(Dataset content Opens)
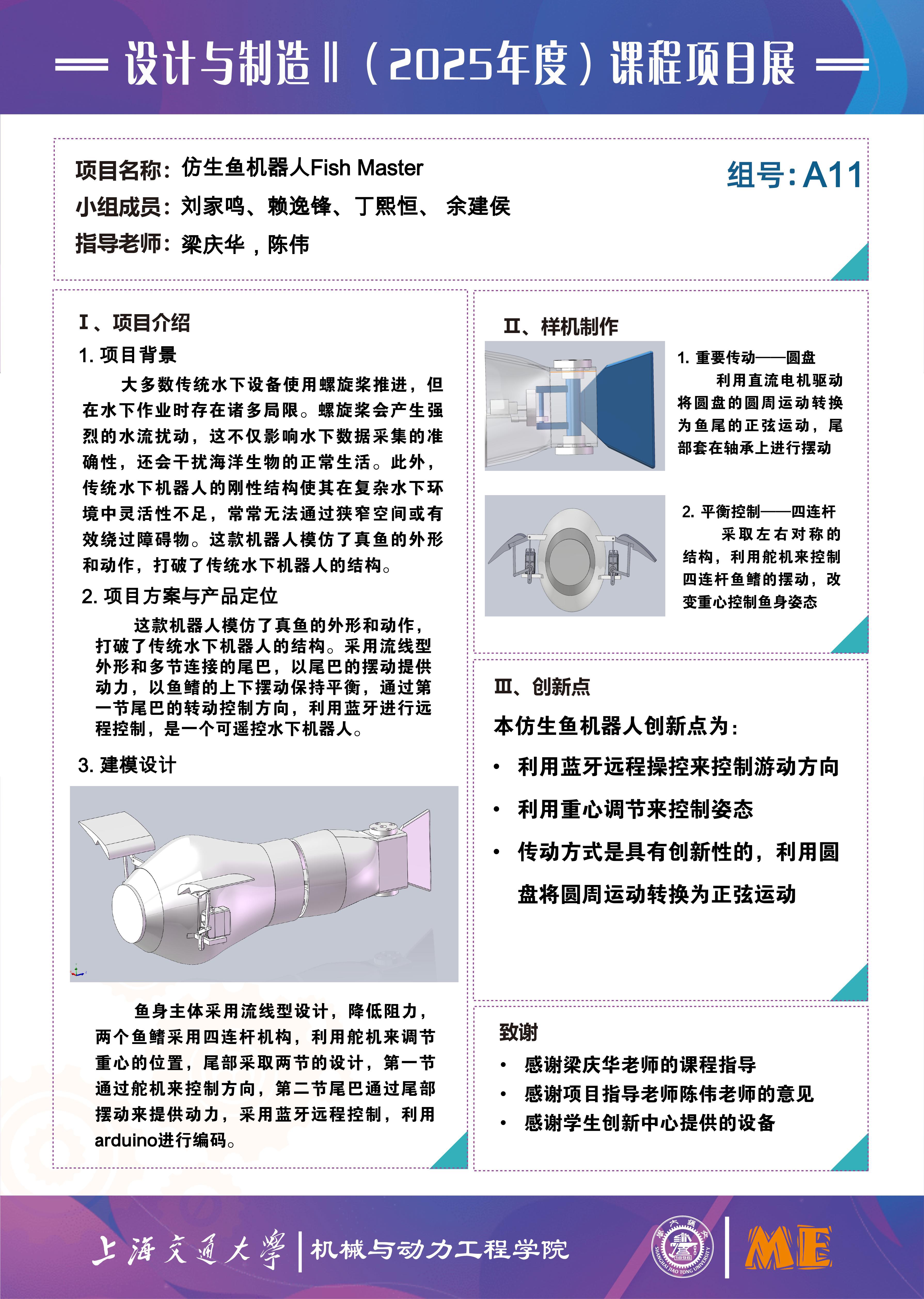 The Fish Master project developed a bionic underwater robot that mimics fish propulsion to overcome limitations of traditional propeller-driven systems, such as noise and poor maneuverability. After a thorough literature review, we selected a motor-driven three-dimensional linkage tail mechanism paired with a center-of-gravity adjustment system for optimal performance and maneuverability. The final design featured a sinusoidal-oscillation tail, four-bar linkage side fins for steering, and waterproof 3D-printed components. Testing confirmed effective linear speed control (3–8V range), reliable steering (55°–125° range), and robust waterproofing. Key innovations included Bluetooth-based remote control, posture adjustment via center-of-gravity manipulation, and a disc mechanism converting rotary motion into sinusoidal tail movement. The robot demonstrated full-directional mobility, meeting all design requirements for applications.
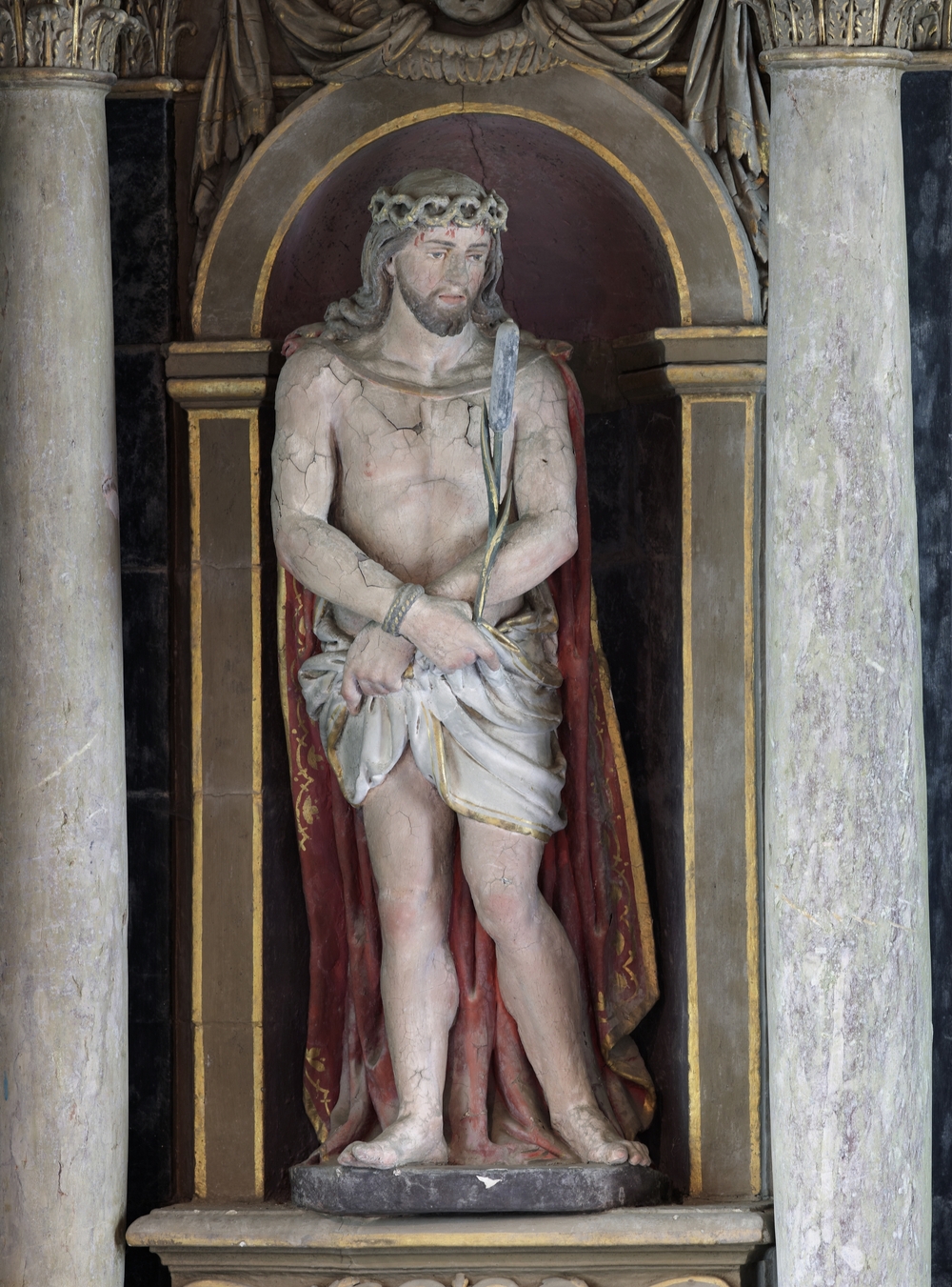 Lanvellec, Saint-Carré : chapelle Notre-Dame-de-Pitié, vue intérieure, statue représentant le Christ aux liensImmatriculation
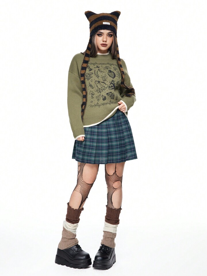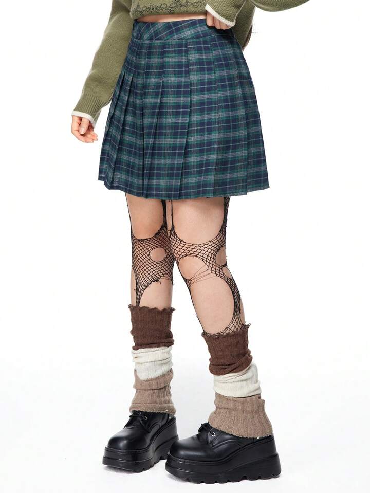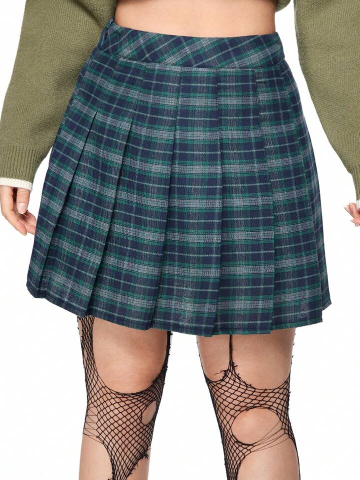 Jupe plissée style école à taille haute à carreaux, décontractée
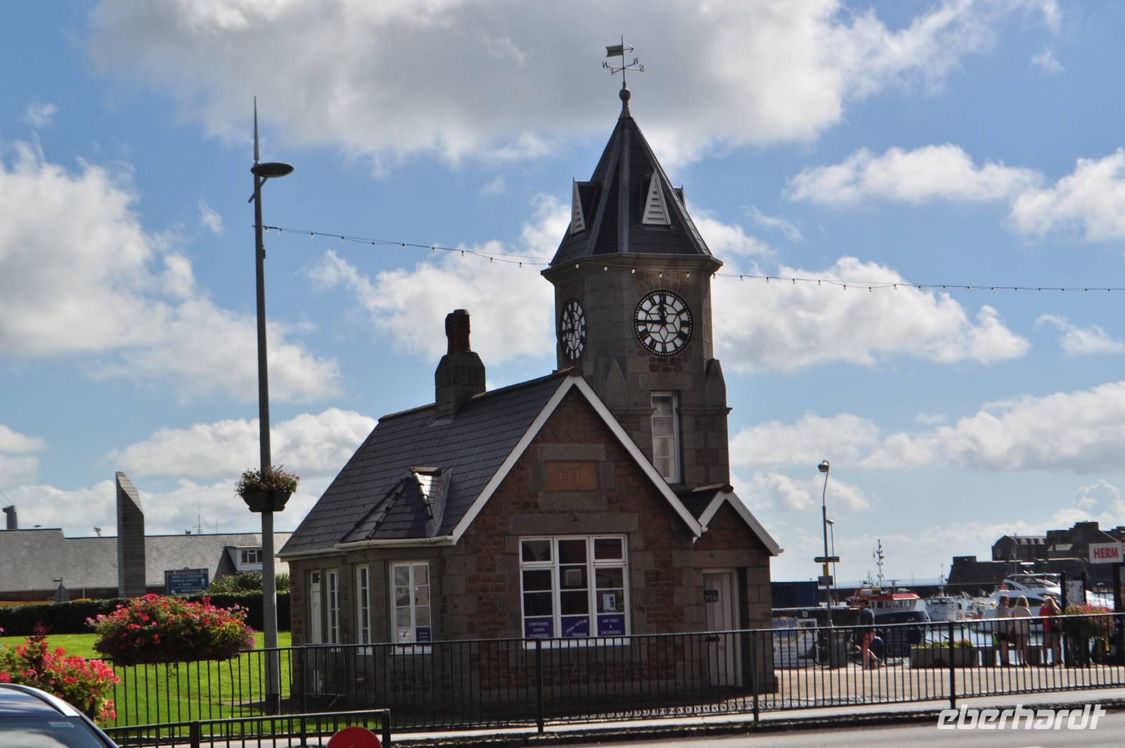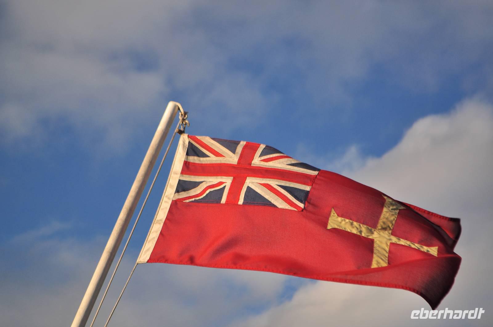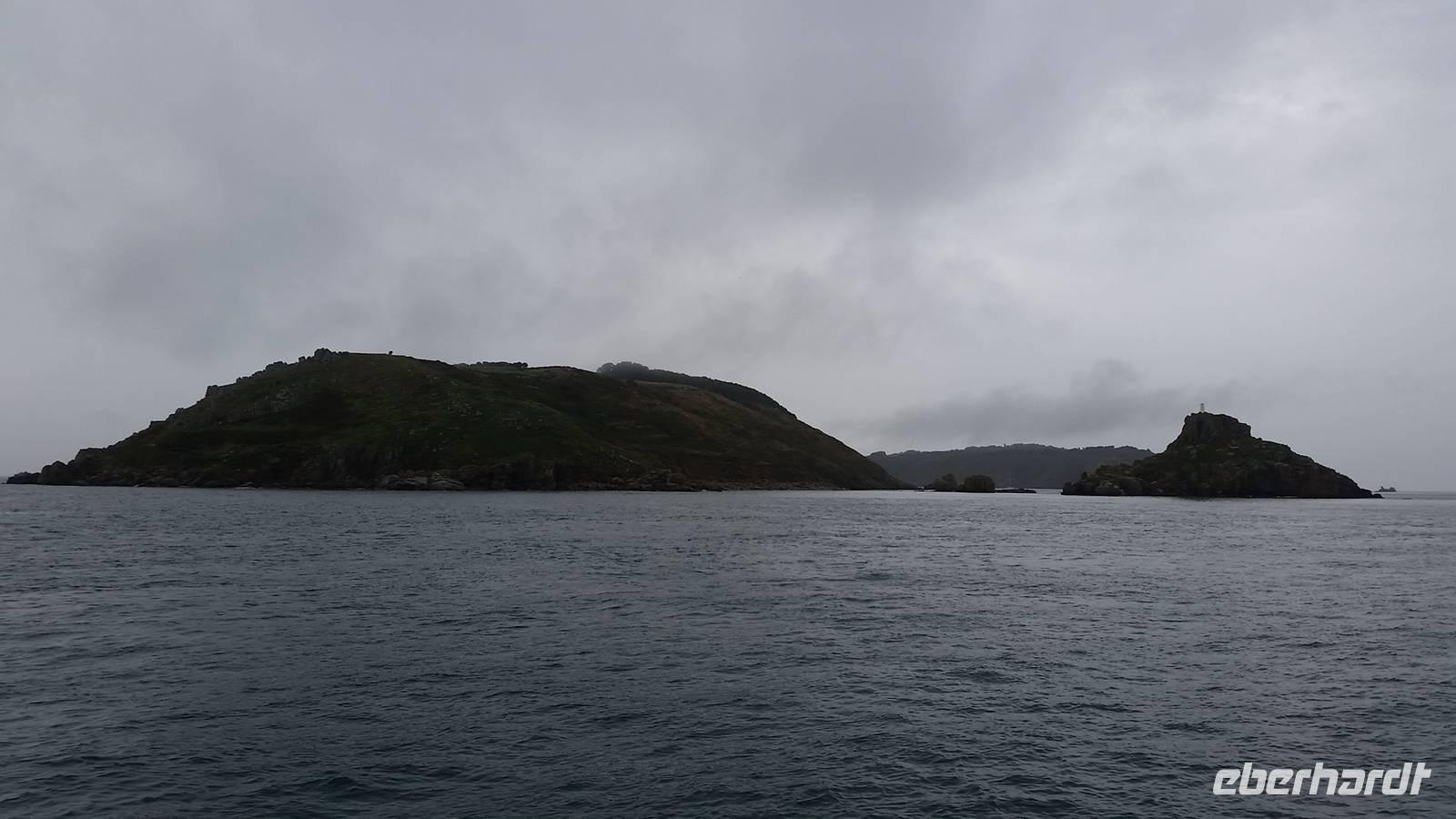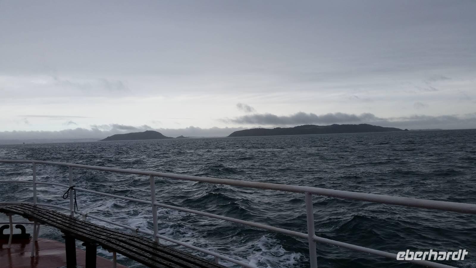Bei starkem Regen begeben wir uns zum Schiffsanleger in St Peter Port. Heute ist einer der wenigen inoffiziellen Feiertage im Vereinigten Königreich (Bank Holiday). Im Hafen haben einige Händler ihre Marktbuden aufgeschlagen mit einigen Köstlichkeiten von den Kanalinseln und aus dem nahen Frankreich. Mit einem kleinen Schiff geht es vorbei an der Insel Herm zur Insel Sark.
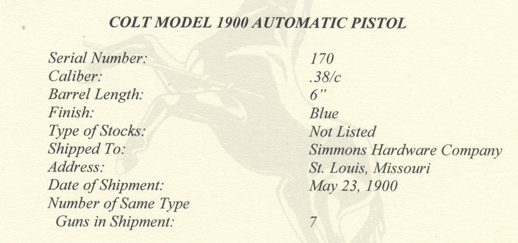Colt Model 1900 Sight Safety Serial Number 170 - This Colt 1900 pistol was one of seven guns shipped May 23, 1900 to Simmons Hardware Company, St. Louis, Missouri.
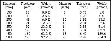 The weight of the mirror depends on it's volume. As can be seen from the above relation, the volume will increase dramatically for larger mirrors. This is shown in the table below.
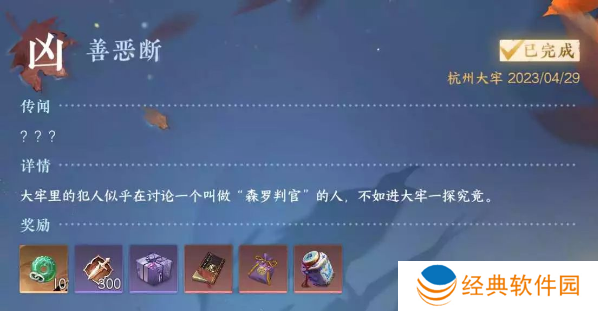 ①任务地点:杭州大牢(只有做坏事了被抓进去才能触发)。
(Dataset content Closes)
* Exercise instructions
Word for word, return the entries above, but without any pictures.

* Expected answer
 The Fish Master project developed a bionic underwater robot that mimics fish propulsion to overcome limitations of traditional propeller-driven systems, such as noise and poor maneuverability. After a thorough literature review, we selected a motor-driven three-dimensional linkage tail mechanism paired with a center-of-gravity adjustment system for optimal performance and maneuverability. The final design featured a sinusoidal-oscillation tail, four-bar linkage side fins for steering, and waterproof 3D-printed components. Testing confirmed effective linear speed control (3–8V range), reliable steering (55°–125° range), and robust waterproofing. Key innovations included Bluetooth-based remote control, posture adjustment via center-of-gravity manipulation, and a disc mechanism converting rotary motion into sinusoidal tail movement. The robot demonstrated full-directional mobility, meeting all design requirements for applications.
 Lanvellec, Saint-Carré : chapelle Notre-Dame-de-Pitié, vue intérieure, statue représentant le Christ aux liensImmatriculation
 Jupe plissée style école à taille haute à carreaux, décontractée
Bei starkem Regen begeben wir uns zum Schiffsanleger in St Peter Port. Heute ist einer der wenigen inoffiziellen Feiertage im Vereinigten Königreich (Bank Holiday). Im Hafen haben einige Händler ihre Marktbuden aufgeschlagen mit einigen Köstlichkeiten von den Kanalinseln und aus dem nahen Frankreich. Mit einem kleinen Schiff geht es vorbei an der Insel Herm zur Insel Sark.
Colt Model 1900 Sight Safety Serial Number 170 - This Colt 1900 pistol was one of seven guns shipped May 23, 1900 to Simmons Hardware Company, St. Louis, Missouri.
 The weight of the mirror depends on it's volume. As can be seen from the above relation, the volume will increase dramatically for larger mirrors. This is shown in the table below.
 ①任务地点:杭州大牢(只有做坏事了被抓进去才能触发)。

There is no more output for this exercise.